ECEESPE2025 Poster Presentations Diabetes and Insulin (143 abstracts)
Effect of semaglutide vs placebo on HbA1c, weight, mental health and SF-36: a randomized clinical trial in people with pre-diabetes, obesity and schizophrenia
Ashok Ganeshalingam1 2 3, Nicolai Uhrenholt4, 5, Sidse Arnfred6, 7, Peter Gæde8, 9, Signe Düring6, 7, Elsebeth Stenager10, Nick Bünger11, Andreas Pedersen12, Niels Bilenberg3, 5 & Jan Frystyk1 2 3
1Endocrine Research Unit, Department of Endocrinology, Odense University Hospital, Odense, Denmark; 2Steno Diabetes Center Odense, Odense University Hospital, Odense, Denmark; 3Department of Clinical Research, Faculty of Health Science, University of Southern Denmark, Odense, Denmark; 4Psychiatry West, Region Zealand, Research Unit for Clinical Psychopharmacology, Slagelse, Denmark; 5Mental Health Services in the Region of Southern Denmark, Child and Adolescent Psychiatry Odense, Odense, Denmark; 6Psychiatric Research Unit, Copenhagen University Hospital – Psychiatry Region Zealand, Slagelse, Denmark; 7Department of Clinical Medicine, University of Copenhagen, Copenhagen, Denmark; 8Næstved, Slagelse og Ringsted Sygehuse, Department of Cardiology and Endocrinology, Slagelse, Denmark; 9IRS - Department of Regional Health Research, Faculty of Health Science, University of Southern Denmark, Odense, Denmark; 10Unit of Mental Health Research, Southwest Denmark, Department of Regional Health Services, University of Southern Denmark, Odense, Denmark; 11Mental Health Services in the Region of Southern Denmark, Department of Psychiatry Odense-Svendborg, Svendborg, Denmark; 12OUH, OPEN - Open Patient data Explorative Network, Odense, Denmark
JOINT555
Background: Individuals with schizophrenia face a 10 to 20-year reduction in life expectancy, primarily due to cardiovascular disease (CVD) and obesity-related type 2 diabetes (T2D).

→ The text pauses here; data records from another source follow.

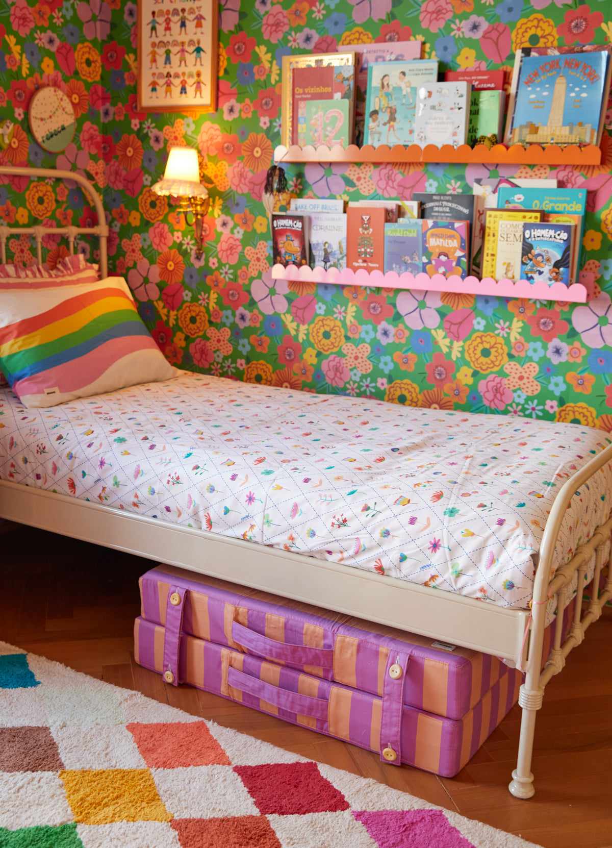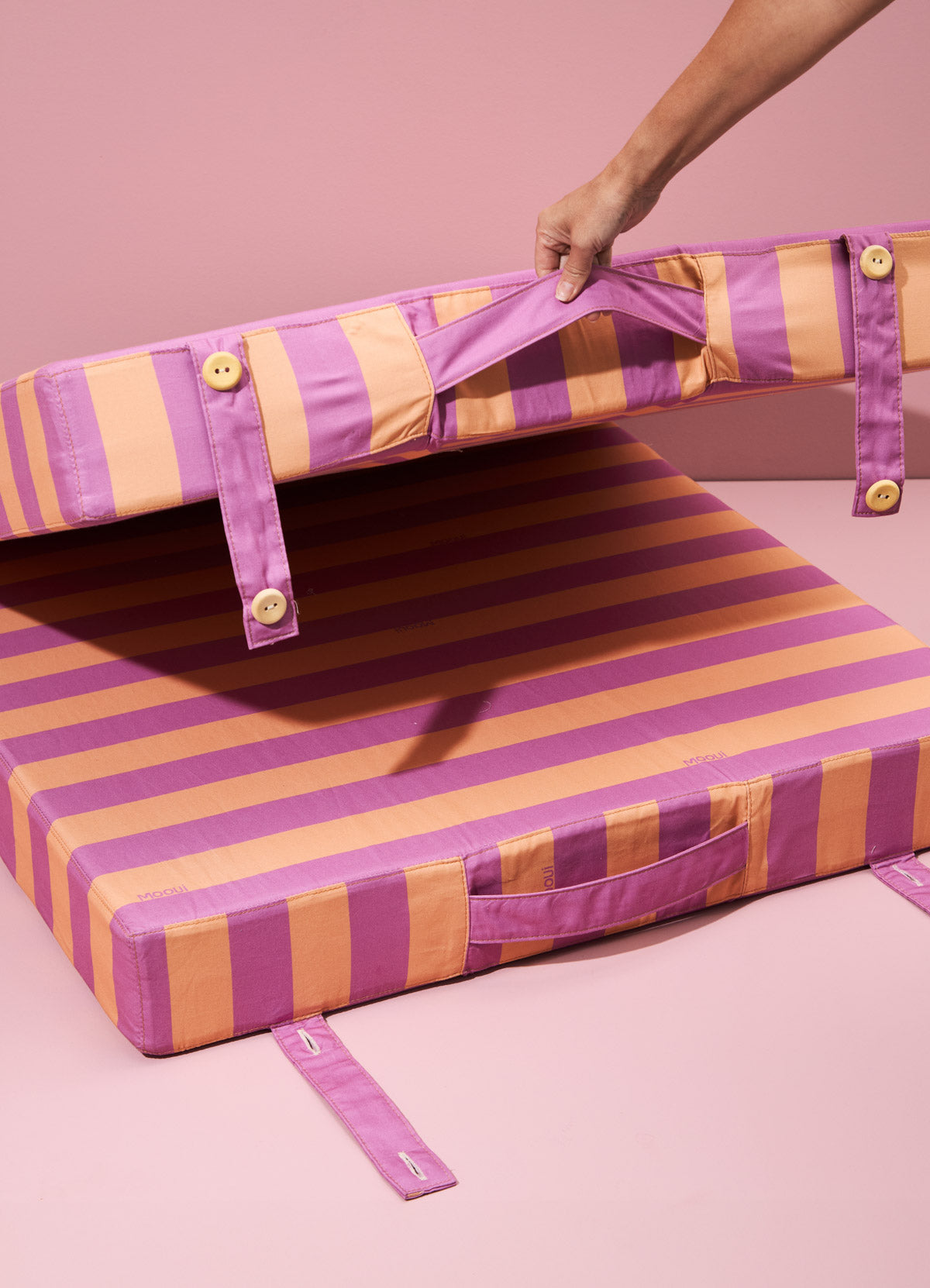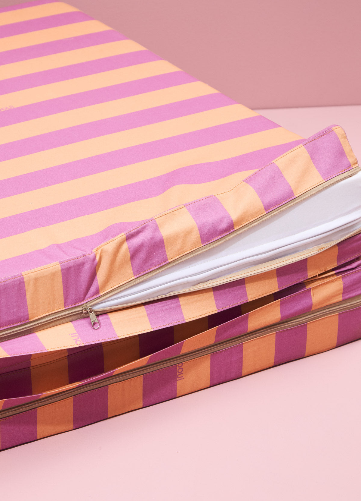 O Colchonete Dobrável Listrado Violeta une praticidade e conforto em um só produto. Feito com capa 100% algodão e enchimento de espuma D28, oferece ótimo suporte para uso como colchão auxiliar, na brinquedoteca ou para visitas. É dobrável em duas partes, possui capa removível, espuma forrada, além de duas alças de fechamento e duas alças de mão para transportar com facilidade. Uma solução versátil para qualquer ambiente.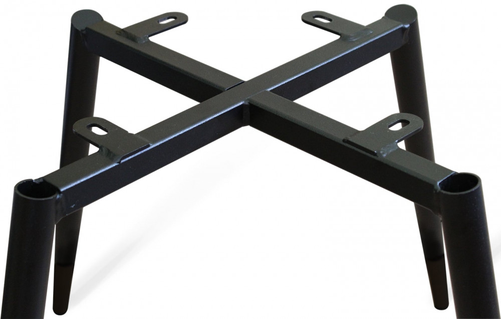 • прочность и долговечность. Ножки каркаса выполнены из металлической трубы диаметром 38 мм. Верхняя крестовина каркаса с приварными фланцами выполнена из квадратной трубы 15×15 мм. Каркас не разборный и окрашен порошковой краской, устойчивой к механическому воздействию.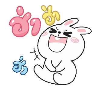 A cute white bunny laughs hysterically, rolling around with Thai text for 'hahaha'. Perfect for expressing extreme amusement.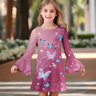 Mädchen' 3D Cartoon Schmetterling Kleid Langarm Sommer Frühling Urlaub Täglich Ferien Prinzessin Schön Süß Kinder 4-12 Jahre Freizeitkleid A Linie Kleid Knielang Normale Passform

These risks may be exacerbated by treatment with second-generation antipsychotics (SGAs), which may cause obesity and thereby diminish quality of life (QoL). Semaglutide, a GLP-1 receptor agonist approved for obesity has demonstrated significant efficacy in promoting weight loss, and reducing the prevalence of T2D and risks for CVD. Therefore, this trial evaluated whether once-weekly semaglutide improves HbA1c, reduces weight, and enhances mental health and QoL in prediabetic, overweight/obese SGA-treated patients with schizophrenia.
Methods: We conducted a double-blind, randomized, placebo-controlled trial involving 154 adults, aged 18-60 years, with BMI ≥27 kg/m2, SGA-treated schizophrenia, and prediabetes (HbA1c: 39–47 mmol/mol). Participants were randomized (1:1) to receive once-weekly semaglutide or placebo, titrated to 1. 0 mg or maximally tolerated dose, over 30 weeks.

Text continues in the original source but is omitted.